_Task inputs_:
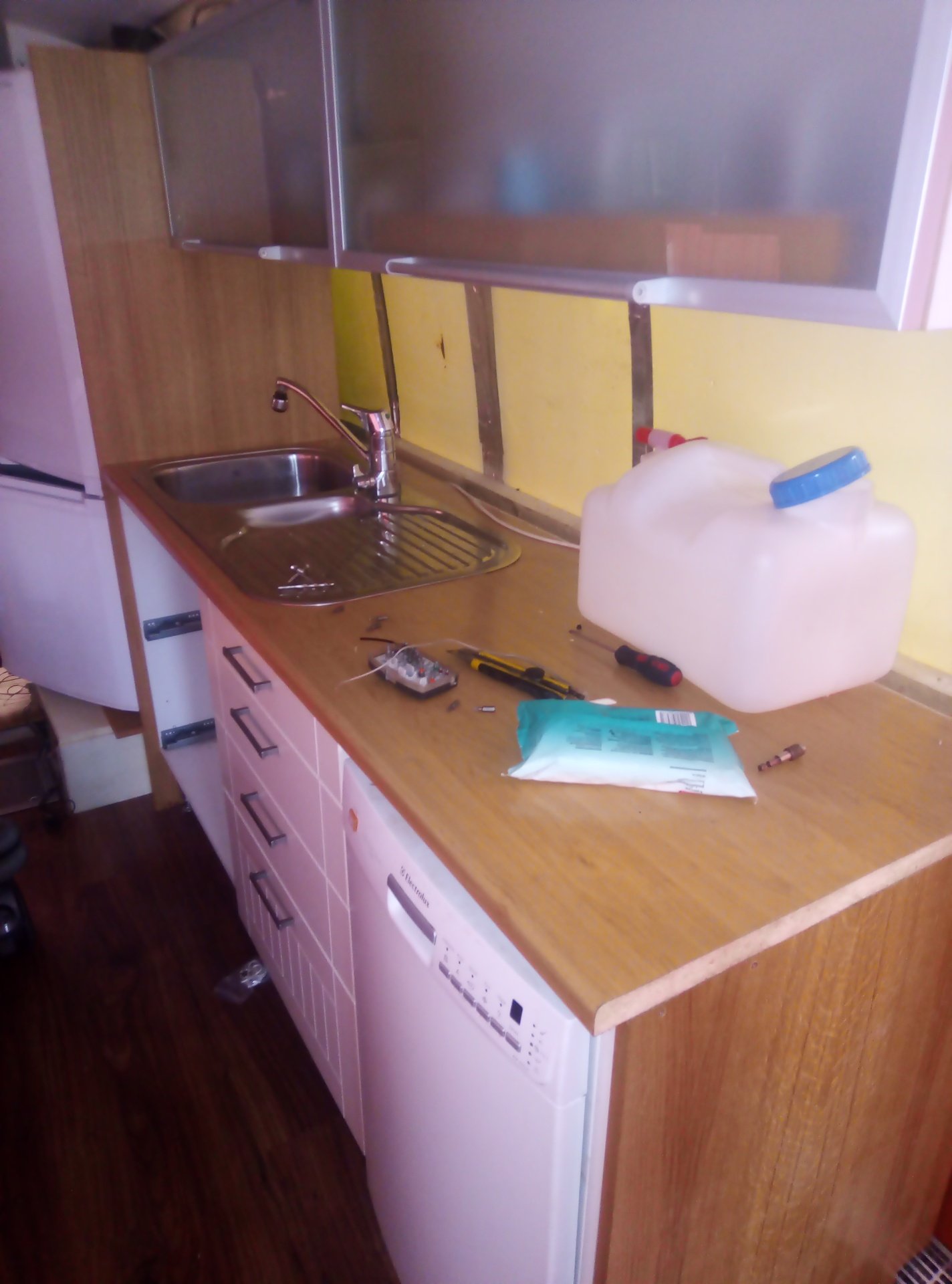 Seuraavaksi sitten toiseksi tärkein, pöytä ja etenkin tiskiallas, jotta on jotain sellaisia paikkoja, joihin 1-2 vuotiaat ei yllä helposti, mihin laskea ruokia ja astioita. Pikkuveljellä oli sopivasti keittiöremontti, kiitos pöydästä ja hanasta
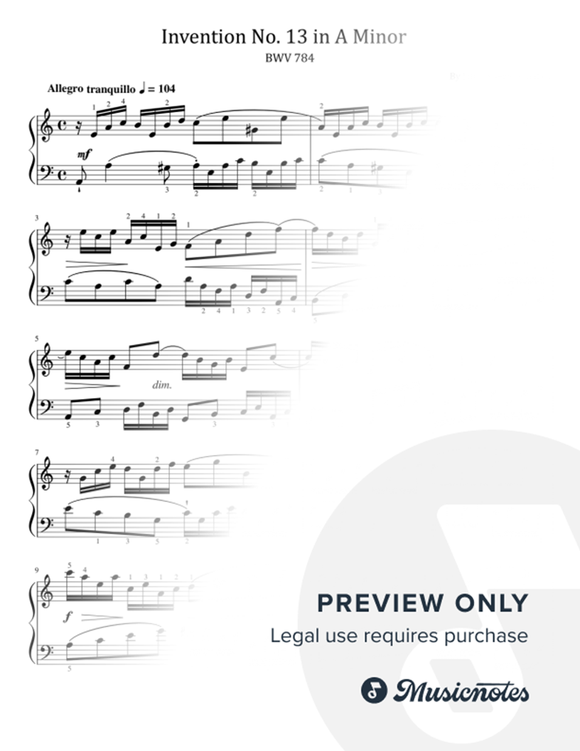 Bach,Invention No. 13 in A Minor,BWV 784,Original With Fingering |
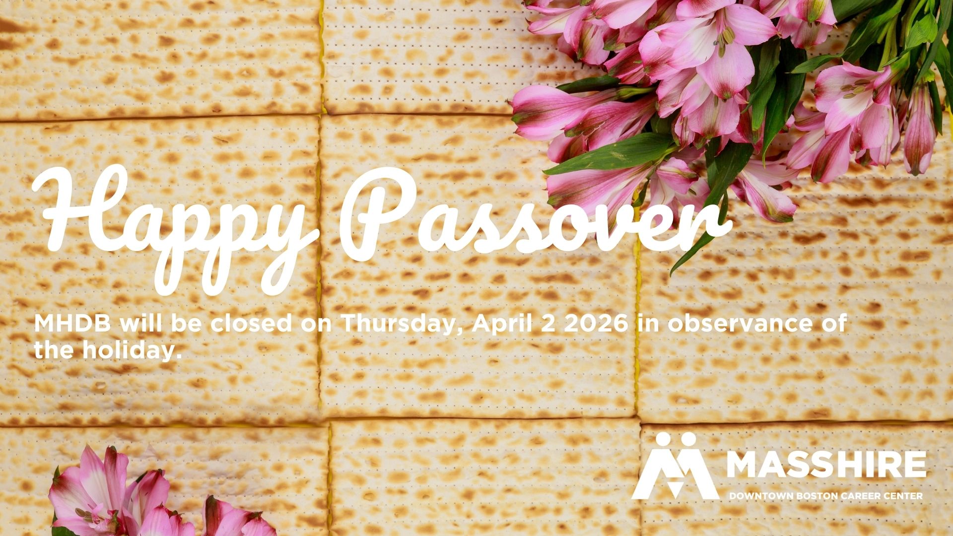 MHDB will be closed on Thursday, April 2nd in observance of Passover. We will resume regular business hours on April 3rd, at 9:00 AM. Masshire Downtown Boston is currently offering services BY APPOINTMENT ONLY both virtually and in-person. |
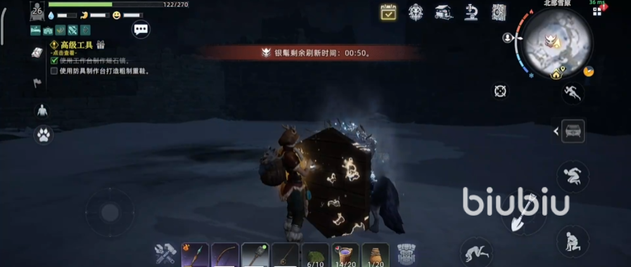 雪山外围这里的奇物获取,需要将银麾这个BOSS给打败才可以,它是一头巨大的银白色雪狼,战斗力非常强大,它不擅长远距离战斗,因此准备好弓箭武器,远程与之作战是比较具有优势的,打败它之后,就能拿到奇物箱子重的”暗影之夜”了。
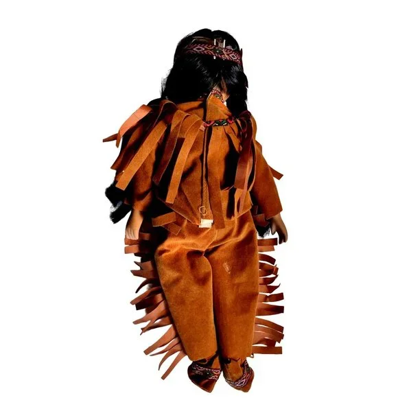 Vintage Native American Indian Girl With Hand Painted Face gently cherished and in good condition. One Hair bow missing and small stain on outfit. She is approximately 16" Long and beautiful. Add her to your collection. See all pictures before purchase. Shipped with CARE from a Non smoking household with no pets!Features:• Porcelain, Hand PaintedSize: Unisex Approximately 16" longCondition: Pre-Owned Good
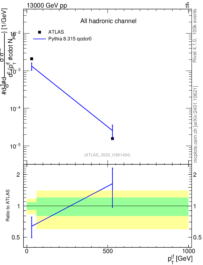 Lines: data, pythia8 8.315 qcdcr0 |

...

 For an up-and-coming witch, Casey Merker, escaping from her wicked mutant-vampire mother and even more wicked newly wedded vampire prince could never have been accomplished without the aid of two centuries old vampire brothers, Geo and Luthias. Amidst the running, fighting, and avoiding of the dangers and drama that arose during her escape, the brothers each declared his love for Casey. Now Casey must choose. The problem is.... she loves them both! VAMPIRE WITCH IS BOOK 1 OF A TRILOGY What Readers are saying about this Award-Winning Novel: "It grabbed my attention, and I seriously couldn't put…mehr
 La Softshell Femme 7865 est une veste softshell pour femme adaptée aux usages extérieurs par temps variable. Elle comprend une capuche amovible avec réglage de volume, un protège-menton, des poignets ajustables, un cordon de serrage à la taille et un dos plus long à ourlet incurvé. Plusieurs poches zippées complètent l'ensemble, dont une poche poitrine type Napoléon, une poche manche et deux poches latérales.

_Exercise_:
When you reach the line with "Seuraavaksi sitten toiseksi" in the records above, start writing out each line exactly, and stop after the line with "MHDB will be". Pictures stay out.

_Answer below_:
 Seuraavaksi sitten toiseksi tärkein, pöytä ja etenkin tiskiallas, jotta on jotain sellaisia paikkoja, joihin 1-2 vuotiaat ei yllä helposti, mihin laskea ruokia ja astioita. Pikkuveljellä oli sopivasti keittiöremontti, kiitos pöydästä ja hanasta
 Bach,Invention No. 13 in A Minor,BWV 784,Original With Fingering |
 MHDB will be closed on Thursday, April 2nd in observance of Passover. We will resume regular business hours on April 3rd, at 9:00 AM. Masshire Downtown Boston is currently offering services BY APPOINTMENT ONLY both virtually and in-person. |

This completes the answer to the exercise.